I enjoy doing research on antiques, especially in areas in which I am less familiar. I found out that most of the mid 19th century dolls made by the maker, Alt, Beck and Gottschalk, (known in the industry as ABG) had black hair and blue eyes. Those in the late 1800s had blond locks and blue eyes. The rarest dolls made by this company had brown hair and brown eyes. This is the type of information that affects value. This doll was made circa 1890.

A close up of the beautifully painted face of this doll.

There are many classifications in doll collecting. Beyond age and manufacturer, dolls are categorized by age, gender, body construction, and materials – just to name a few. This doll is classified as a ‘young lady or young adult.’ A similar example could be seen (at the time this research was done) in the Museum of Play’s website in Rochester, New York.

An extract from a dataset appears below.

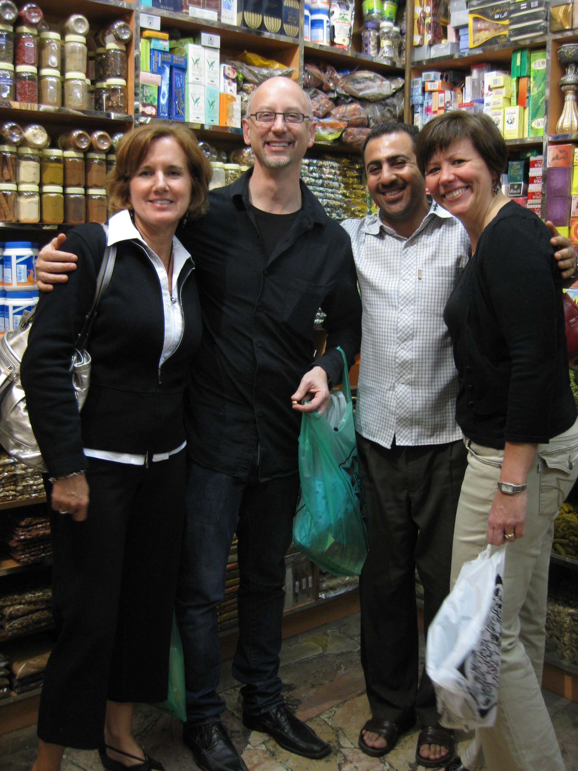 One of the Souk vendors jumped right into the middle of our photo – charming!

The doll would be described as: 14 inches in length with a muslin-stitched body, wax hands, bisque legs with painted boots. The head is china with rouged cheeks, painted eyebrows and eyelashes around blue glass eyes. The mouth is closed. The nostrils are accentuated. The hair is blond and sculpted with a painted ribbon in the curls. The ears are “pierced” with small dark bluish glass beads. 

Detail showing the painted black boots.

The two-piece costume is of a late Victorian vintage style consisting of a jacket with contrasting edging and lace on wrists. The skirt features ruching, (gathering into folds) tea-stained beige edging, and a short train. The quality of the sewing (a combination of hand sewing and machine stitching) on the garment indicates that this clothing, although era-appropriate, was not the original dress offered by the manufacturer when it was made. 

It’s amazing that the original wax hands survived because they are delicate. Obviously well treasured by the family.

Beyond originality, condition is important. So is visual appeal and this doll has both.